Long-Term / Yearly Overview
Term-by-term blank planner.
A Long-Term / Yearly Overview template is a term-by-term planning grid that lets teachers and school leaders see the shape of an entire academic year on a single page. Each cell represents one term or half-term and is left blank for the teacher to record the main topic, unit, or theme being taught in each subject area during that period. The format is intentionally high-level — it is a roadmap, not a detailed plan. School leaders use yearly overviews during curriculum design to check balance, identify gaps, and ensure progression year-on-year. Class teachers use them to brief parents, align with colleagues, and prevent two teachers scheduling the same heavy assessment window.

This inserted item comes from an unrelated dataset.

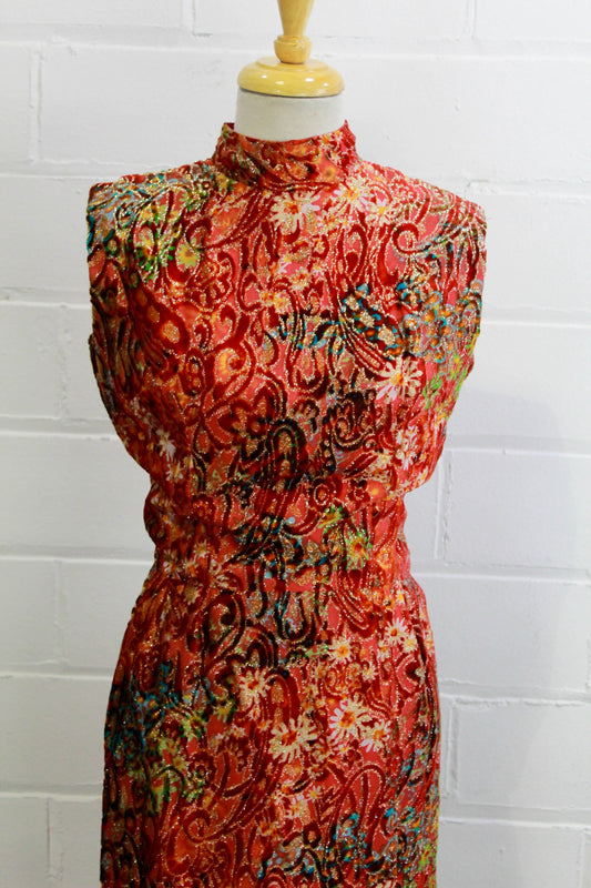 Vintage 1970s Red Velvet Floral Maxi Dress, Small
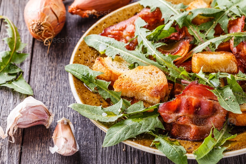 Салат из свежих одуванчиков с жареным беконом и чесночными гренками

The blank grid works for any year group and any national curriculum framework, making it a universally reusable planning tool that can be reprinted and completed from scratch each academic year.
Learning objectives
- Visualise the full academic year by subject and term on one printable page
- Balance topic coverage, assessment load, and thematic variety across the year
- Identify curricular gaps or unintended overlaps before the year begins
- Support whole-school curriculum planning and leadership review
- Communicate the year's teaching intentions to parents, co-teachers, or supply staff
How to use this template
- Download and print the template — or use it digitally for easy annual updates.
- Label each column with your school's term or half-term names and dates.
- Label each row with the subjects or curriculum areas relevant to your year group.
- Fill each cell with the unit, topic, or text you plan to teach during that term slot.
- Review the completed grid as a team — check for overloaded terms, isolated topics, and assessment clashes before finalising.
Classroom & home ideas
- Print at A3 size and mount on the staff planning board as a shared year-at-a-glance reference for the whole team.
- Include the completed overview in each parent information pack at the start of the year so families know what topics are coming up.
- Use a fresh blank copy at the end of each academic year to draft next year's curriculum, annotating what to change from the current year.
- Colour-code cells by curriculum strand (e.g. fiction vs. non-fiction in English, number vs. geometry in maths) to spot visual imbalances.
- Align the overview with assessment windows marked in red so the whole team can see when heavy marking periods fall and plan support accordingly.
Skills & curriculum links
Frequently asked questions
How is a yearly overview different from a timetable?
A timetable shows the fixed weekly schedule of lessons; a yearly overview shows the content — which topic or unit occupies which term — across the whole academic year.
Should I include assessment dates on the yearly overview?
Yes, many teachers add a row specifically for key assessments, reports, or parents' evenings so that planning clusters are visible at the same scale as the curriculum content.
Can this template be used for multiple year groups at once?
You can add year-group rows within the grid, or print one copy per year group and display them side by side. The latter approach makes vertical progression (what students learn in Year 4 before Year 5) much easier to check.
How often should the yearly overview be updated?
Most schools revisit it once per year before the new academic year begins, then make small amendments at the start of each term if scheduling changes. It is a living document, not a locked plan.